FIG. 2.3 is a diagram showing the formation of the lens film 41N in 2.3. A1 is a cured film layer, B1 is an antireflection layer, and 11 thin film layers are Zr.
O2, layer 12 is Al2O5* layer 13, ZrO2, layer 14
is 5iQ2. FIG. 2 is a diagram showing all the spectral reflectance characteristics of the lens of Example 1, where the horizontal axis is the wavelength of light and the vertical axis is the reflectance of light on one surface. FIG. 3 shows the film formation of lenses in Example 3.4.5.6 and Comparative Example 4. A3 is a cured film layer, B3 is an antireflection layer, thin film layer 31 jd 5jOz, layer 32
keZrCn, ); 433 is 5zOz, JW 34
n Zr0z, layer 651-tSi02. FIG. 4 is a diagram showing the spectral reflectance characteristics of the lens of Example 3, where the horizontal axis is the wavelength of light, and the vertical axis fllb is the reflectance of light on one surface. That's all Ganto Kamiyama Suwa Seikodai Co., Ltd. Agent Patent Attorney Tsutomu Mogami Figure 1 +: (- Figure 2

Claims (6)

[Claims] (1) A plastic lens characterized by having an antireflection coating thin film made of an inorganic substance formed on the surface layer of a cured film made of a coating composition containing the following main components A, B, and C. A) Colloidal silica with a particle size of 1 to 100 millimicrons B) General formula %) (In the formula, R2 is an organic group containing an epoxy group, and R2 has a carbon number of 1
represents a hydrocarbon group, an alkoxyalkyl group, or a hydrogen atom of 1 to 4, and α is 1 to 3. ) and/or a hydrolyzed condensate thereof. C) Coordination compounds, halogenides, acid halides, or peroxide halides of magnesium. (2) The anti-reflection coat thin film is made of SiO, IMOz
. His N4, 'M O2, ZrO2, Al2O5
, M17F2. The plastic lens according to claim 1, which is a single multilayer coating consisting of one or more silk combinations selected from the group of: , M17F2. (3) A and B of the cured film, respectively, are S?
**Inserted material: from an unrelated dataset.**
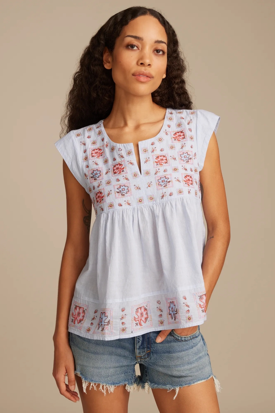 shell sleeve peasant blouse

; Calculated as 02 + R' S t Os/2, A is 75% to 35% by weight, B is '2525% by weight 65% by weight, and C is based on 100 parts by weight of the total amount of A and B. Claim 1 which is 0.01 to 2 parts by weight
Plastic lenses as described in section. (4) The epoxy groups in the B bM portion of the previous NC cured film are:
Cleanse. (5) Claim 1, wherein the plastic lens is diethylene glycol bisallyl carbonate a.
Plastic lenses listed in section. (6) The Plasti-I cleanse according to claim 1, wherein the plastic lens is made of an acrylic or styrene-based Plasti® material.